- Nem sei se estou bem – diz a atendente de um supermercado
que acaba de brigar com o marido.
Seus olhos vazios
encontram os da compradora, uma senhora idosa na casa dos setenta anos.
- Como disse? –
perguntou à senhora.
- CPF na nota? –
pergunta a atendente, com um sorriso forçado estampado na cara.
E assim, os minutos
passam.
- Bom dia...
- Boa tarde...
- Boa noite...
Os ponteiros avançam
lentamente no sentido da liberdade extrema. Até que eles a liberam de seu
uniforme suado, dos seus dedos calejados, da sua falta de humor, da sua
moderada situação.
Chegou o momento de
respirar o ar puro do lado de fora... Sentir teu cheiro, exaltar seu frio ou
calor; mergulhar em seus desejos profundos até a mais infinita desilusão. O lado
de fora nunca pareceu tão aconchegante.
Ruas sinuosas e
pessoas sem rostos... Beco sem saída.
Vontade de fazer o
errado, de explodir o mundo em mil pedaços... Sinal de justiça/injustiça.
Ela queria deitar,
queria dormir... Mas não podia.
Estava cansada, estava exausta... Mas
funcionava.
Quando abriu a
porta de casa, sentiu o sapato apertar as pontas dos pés.
O marido, um cara
gordo e baixo, começou a anunciar mais um milhão de problemas. Era o que
faltava?
“As interligações,
os esforços, não valiam de nada? O que é isso? Não posso ser o fantoche da
história? A atriz do cinema? Não posso me calar? Não posso nem ao menos...
EXPLODIR?”
- Você está me
ouvindo? – pergunta o marido.
“Estou cansada,
estou cheia.”
- Estou sim, pode
falar querido.
- Estamos
precisando de uma faxineira, essa casa está uma bagunça.
Então, porque você
simplesmente não tira essa bunda nojenta da cadeira e me ajuda a limpar?

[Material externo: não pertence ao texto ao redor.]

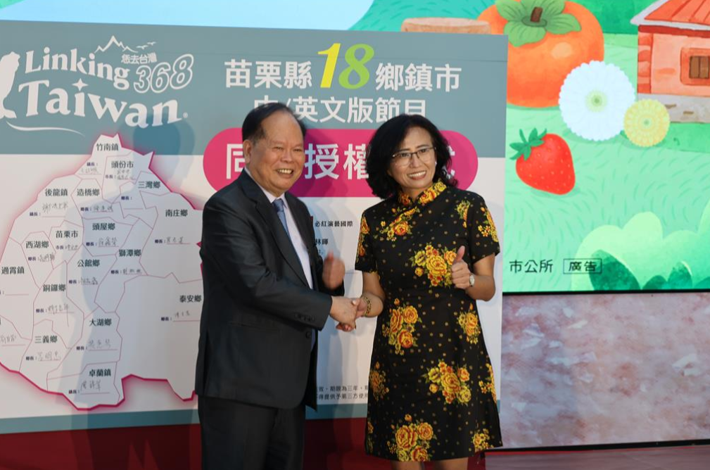 由必紅演藝總裁林暉博士率領團隊製作的國際雙語節目《Linking 368 Taiwan 恁去台灣》,已完成苗栗縣18鄉鎮市觀光影片中英文版拍攝與播出,10日上午,林暉正式授權苗栗縣政府及18的鄉鎮市公所可以在相關領域使用播放,這隻系列影本全面展現苗栗自然景觀、人文風貌與特色產業,並透過國際化視角,將台灣在地美好推向全球舞台。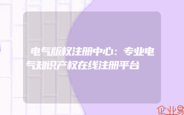 - 电气版权注册中心:专业电气知识产权在线注册平台

- Eu vou arrumar, amor. Acabei de chegar.
- Você sempre diz
isso. Não está dando. Você não percebe que não está dando conta das suas
funções?
“Sou um objeto
perdendo a data da validade. Não presto pra nada, quem sabe enferrujada?”
As reclamações passam, sempre passam. À noite
ele a procura na cama, com a mão boba debaixo do cobertor, percorre os dedos
pelo lençol até encontrar a fonte pra saciar os seus desejos.
Ela pensa em não
deixar, em gritar. O coração bate mais forte, num turbilhão de emoções
conflituosas. De repente falta ar. Nervosa, ela fica paralisada.
O marido, fedido e
suado como um porco a alcança, no final... monta.
Ela olha para o céu,
e encontra o rosto endiabrado do seu marido.
Ela olha para as
estrelas, e encontra um teto rachado.
Ela olha para o
escuro, e enxerga o relógio.
Era hora de
ser mulher, de trabalhar, de cuidar da casa, do marido. Acordou cedo, pronta para
servir.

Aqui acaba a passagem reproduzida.